It's not unusual for the BBC to report on the eccentric pseudohistorical theories that British speculators propose. It is, however, unusual for them to layer so much pseudohistory into an ostensibly neutral news report.
Our story today concerns carpet-fitter Steven Tasker, 66, who thinks that he has uncovered the secret machine, mentioned in the Bible, that enabled the Egyptians to build the pyramids and the people of ancient Britain to build Stonehenge. It's an elaborate version of rollers and rockers that have been stacked atop each other. It's implausible--for example, he thinks that Egyptian jars used for eye makeup were the rollers--but he has convinced himself that it is the chariot of God described in the book of Ezekiel, with the wings of the cherubim and the calf's feet resembling his conception of the platforms and rockers used to rock heavy rocks across the landscape.
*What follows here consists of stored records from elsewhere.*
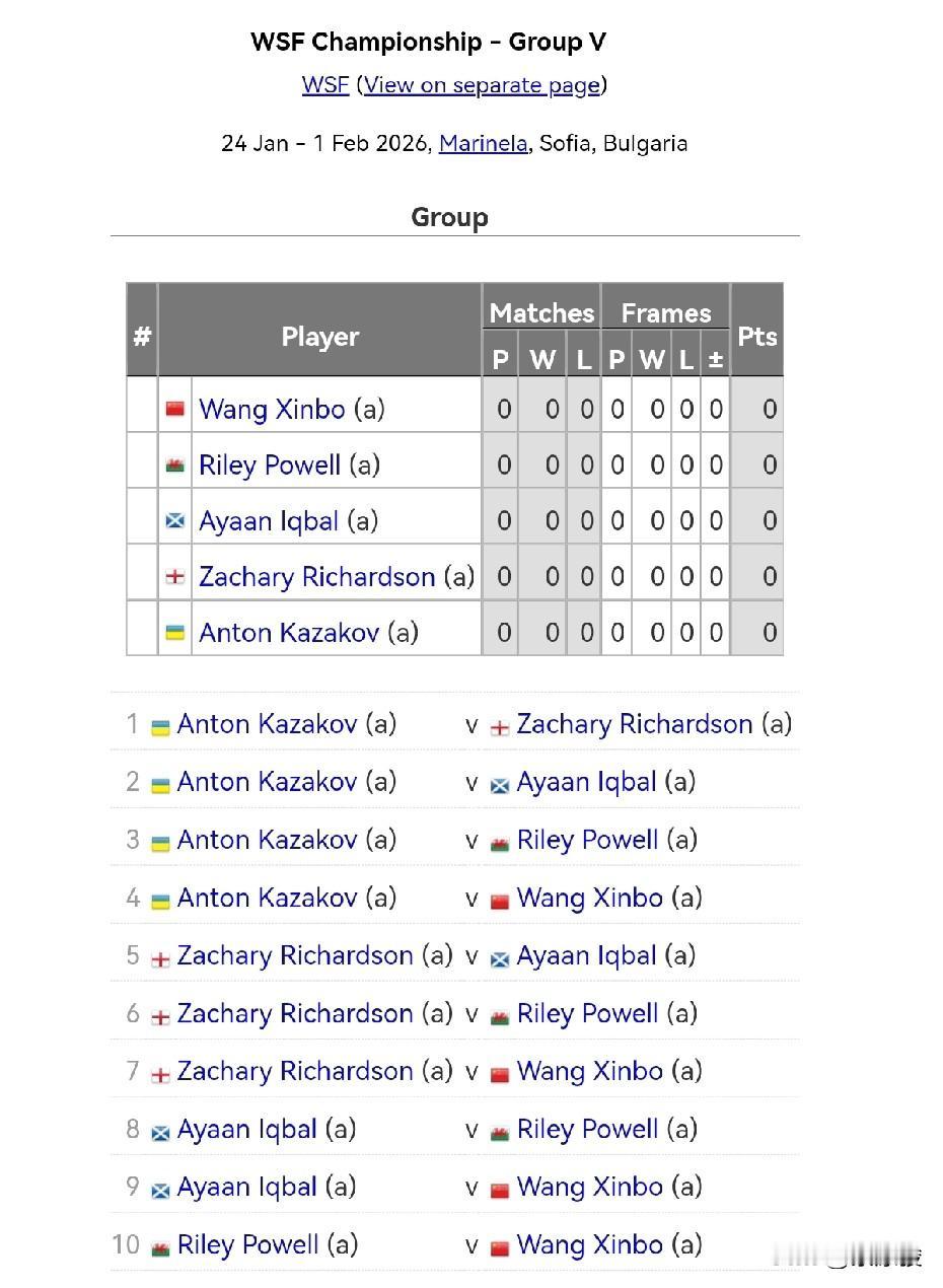 WSF锦标赛今天开打,2月1日决出冠军,冠军将获得职业资格。白朗宁、邢子豪参赛。
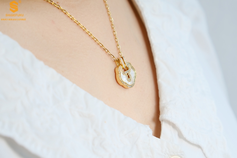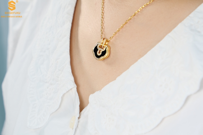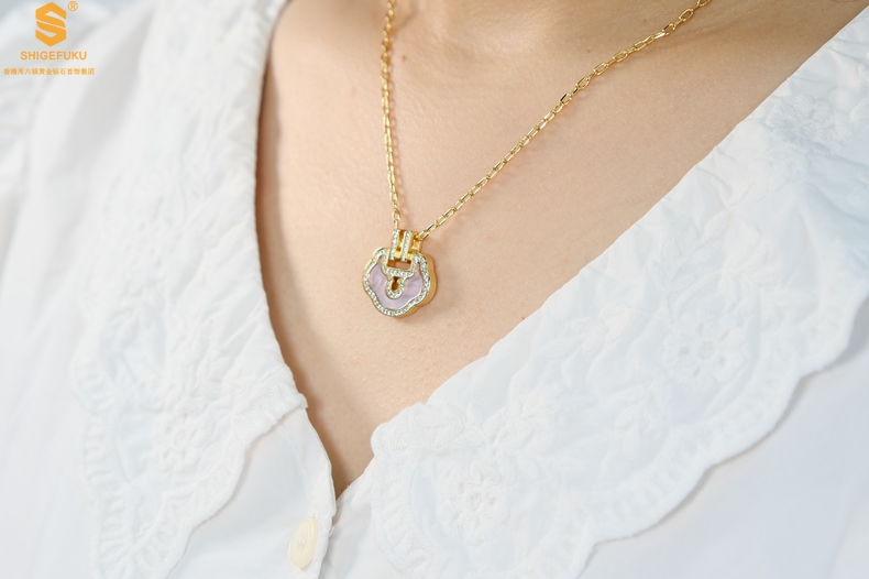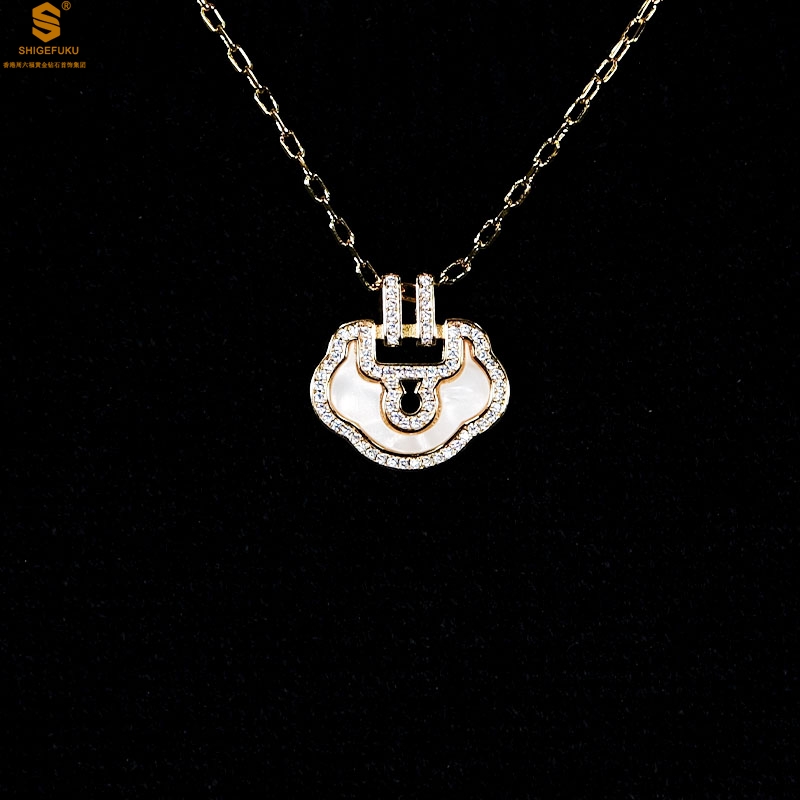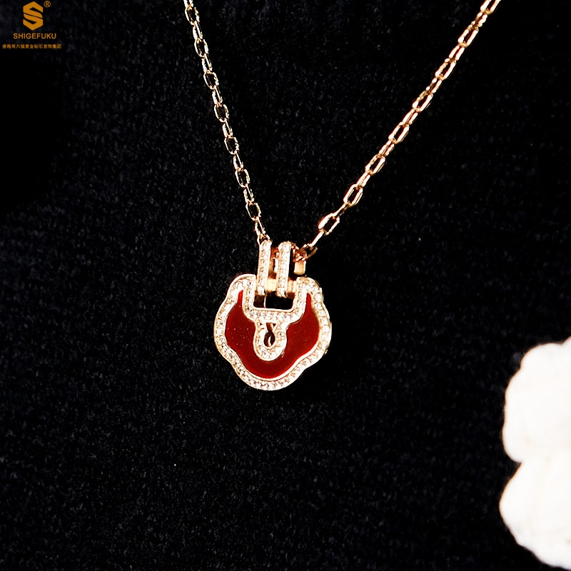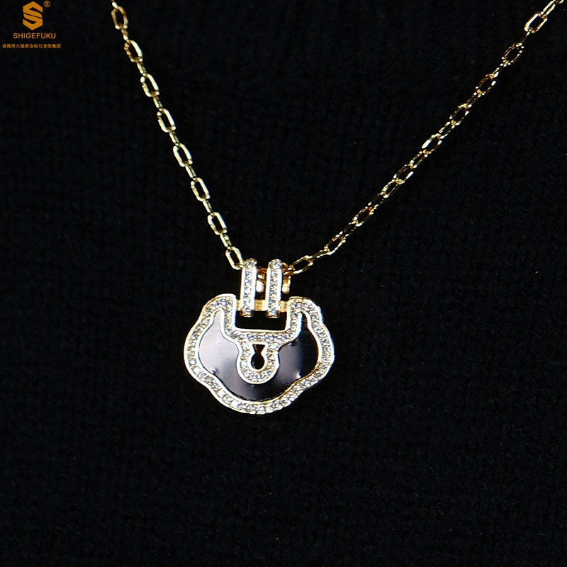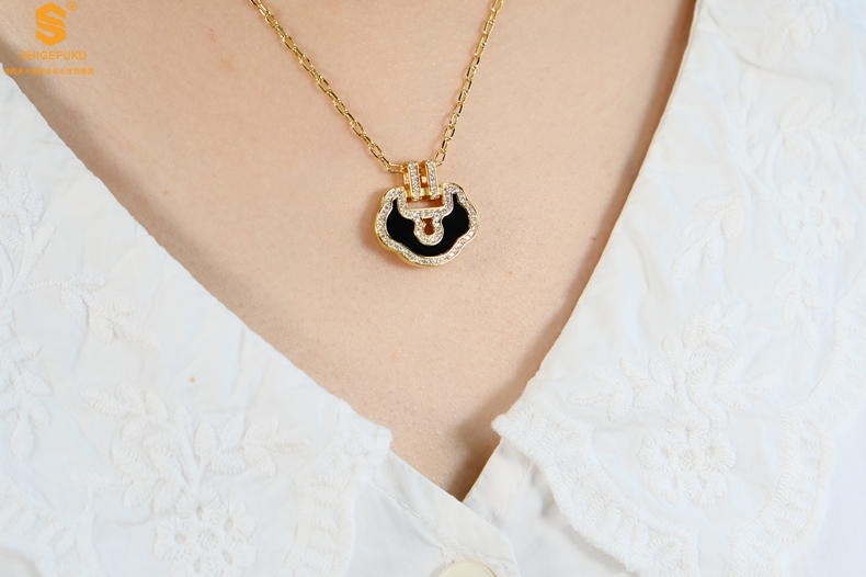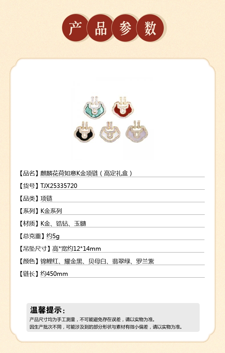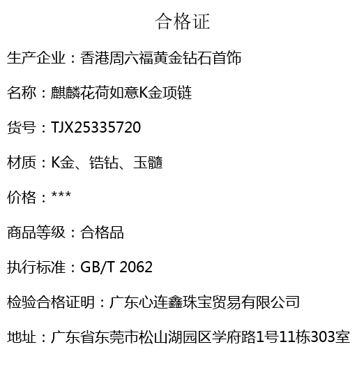 【品名】麒麟花荷如意K金项链(高定礼盒)
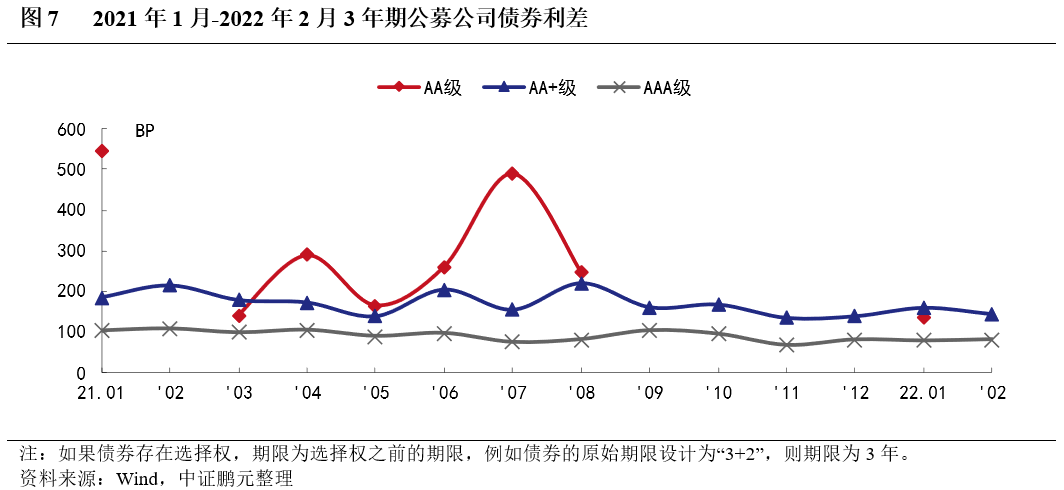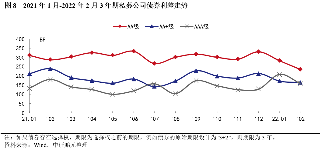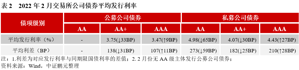 就发行利率而言,2022年2月份交易所公司债券的最高利率为8.0%,较上月最高利率下降50BP;最低发行利率为2.15%,较上月最低利率下降15BP。与1月份相比,公募公司债券方面,AAA级平均发行利率上行9BP、利差扩大11BP,AA+级平均发行利率下行33BP,利差收窄31BP;私募公司债券方面,AAA级平均发行利率上行27BP、利差扩大28BP,AA+级平均发行利率下行30BP,利差收窄25BP,AA级平均发行利率下行65BP、利差收窄59BP。AA+和AAA级私募公司债的发行利率和发行利差仍倒挂,但差值较上月收窄。
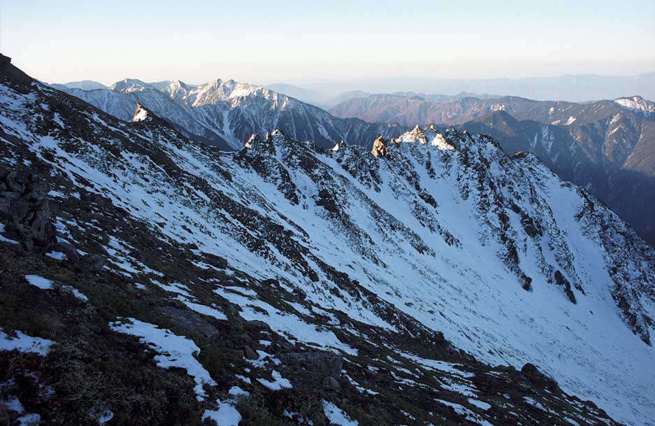 荒川前岳山頂から北に派生した尾根を登る。眼下は前岳カール、ギザギザの荒川前岳崩壊壁稜線が美しい! 稜線越しには、(中央右から)大沢岳2819m、中盛丸山2807m、兎岳2799mが続く。例年並の冬なら、烈風とラッセルに苦しめられる、最難関の道であるが・・・
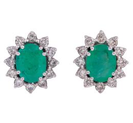 <span class='ref_item'>96 -</span> <span class="object_title">PENDIENTES EN ORO 18KT, ESMERALDAS Y DIAMANTES</span>  <p><span class="technical_description">Pareja de pendientes realizados en oro de 18kt. Diseño de roseta con esmeraldas en talla oval de peso total aprox 3.50ct y orla de diamantes en talla brillante con peso total aprox 1ct. <br/>Cierre: Omega</span><br>Peso: <span class="PESO_HCES1">8,20</span> <span class="PESOUMED_HCES1">gr.</span><br></p>
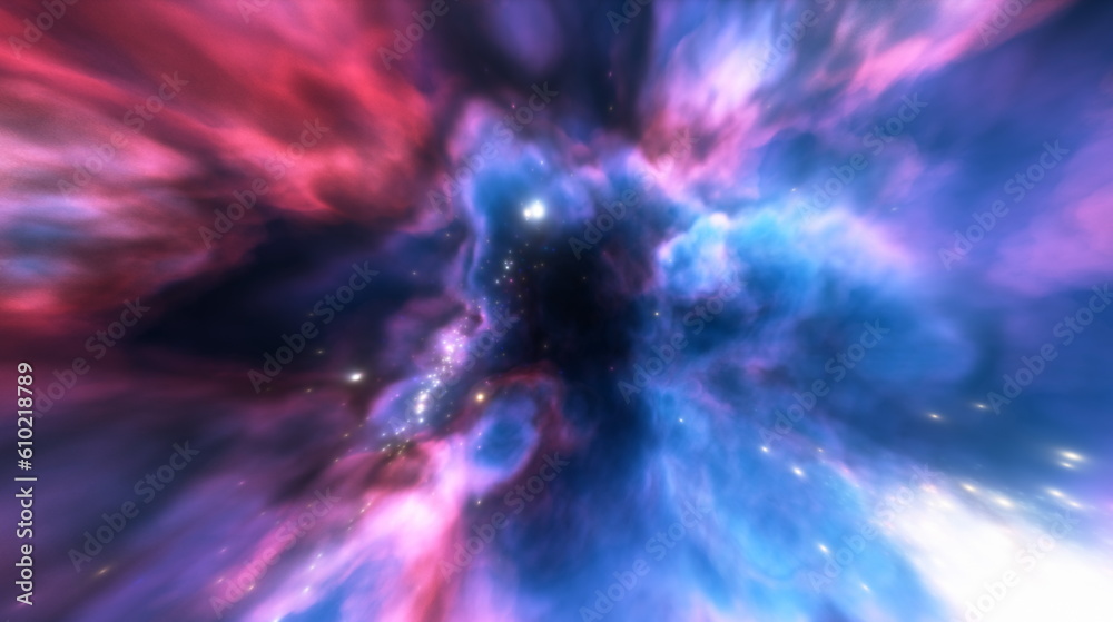 The watermark will not be included on Wall mural.: Cosmic nebula in space among stars and galaxies - gas dust clouds nebula in outer space - birth and ex
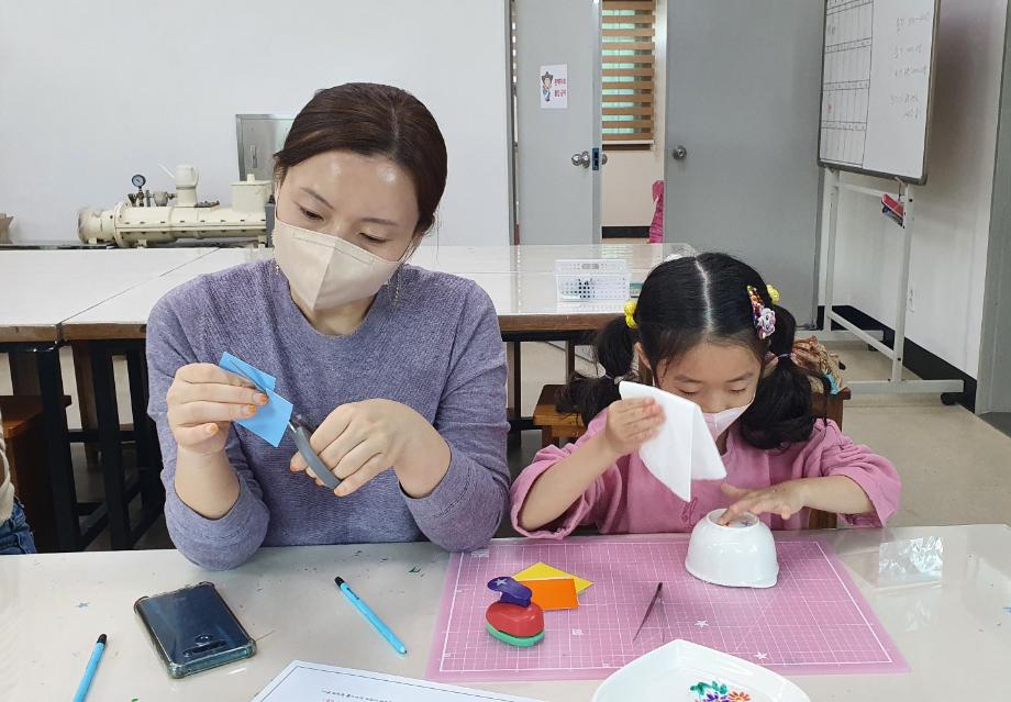 - 내용 : 우리나라 전통 오방간색을 알아보고, 전사지로 나만의 그릇 꾸며보기(선물포장박스 증정)
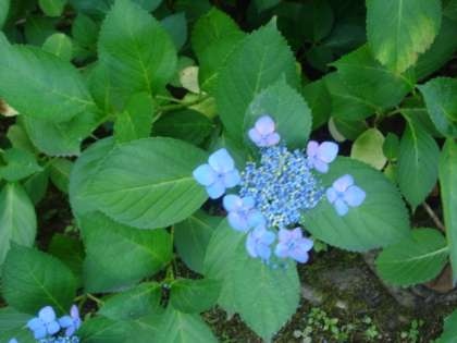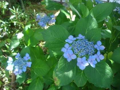 7月8日 例年より少し遅く紫陽花が綺麗に色づいてきました。種類は,萼紫陽花(ガクアジサイ)。紫がとっても美しい花です。

But I was dumbfounded by the illustration Tasker provided and the BBC ran uncritically:
Where do we even start?
In the center of the image we see a man dressed either like Moses or Merlin, which is weird enough, especially since Geoffrey of Monmouth had told a story about Merlin magically transporting Stonehenge.
But on the left we see a Nephilim Bible Giant, also from Geoffrey's account. In medieval legend, giants built Stonehenge, and Tasker has placed one in his Stonehenge panorama.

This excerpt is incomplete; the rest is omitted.